A total of 170 patients were randomised to PBO (n = 58), APR30 (n = 57), or APR40 (n = 55). There were no differences in baseline disease characteristics, and mean baseline TMS and MES were 8.3 and 2.6, respectively. A significantly higher proportion of patients treated with APR30 achieved TMS clinical remission (Δ18%) and modified Mayo score (MMS) clinical remission (Δ25%) compared with PBO. A higher proportion of patients treated with APR30 and APR40 achieved a clinical response at Week 12 compared with PBO, but the result was only significant for the APR40 treatment group. At Week 12, a significantly higher proportion of patients treated with APR30 achieved a decrease of at least one point from baseline MES (Δ32%) and an MES ≤1 (Δ32%) compared with PBO. Both APR30 and APR40 treatment groups showed a trend for a higher proportion of patients achieving histological remission, defined as a Geboes score <2, compared with the PBO group.
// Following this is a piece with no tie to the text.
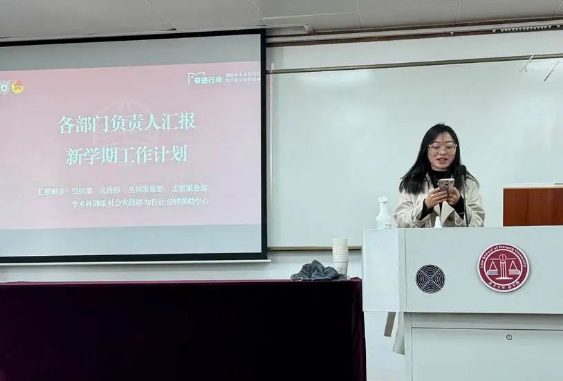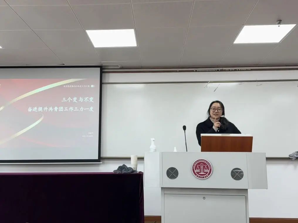 会议的第二项议程,由学生团委副书记章岳珲向现场同学们传达了校团委新学期工作布置会议的主要内容。法学院团委在新的学期,将紧跟校团委步伐,在准备“挑战杯”、团代会,谋划“五四”相关活动以及第二课堂培养等方面将拿出新的举措,争取在新的学期创造出更加优异的成绩。

A significantly higher proportion of patients treated with APR30 achieved mucosal healing (MES ≤1 with Geboes score <2) (Δ18%) compared with PBO. Patients treated with APR30 achieved significant improvements in percent changes from baseline in hsCRP at Weeks 4, 8, and 12 and faecal calprotectin at Weeks 2, 4, and 8 compared with PBO. A similar safety profile was seen in patients treated with APR30 and APR40.

Conclusion

In this 12-week, phase 2 study, patients with active UC treated with APR30 had clinically meaningful improvements in symptoms, endoscopy, biomarkers, and mucosal healing compared with PBO. The observed adverse events were consistent with those expected in UC patients and were also consistent with the known safety profile of apremilast.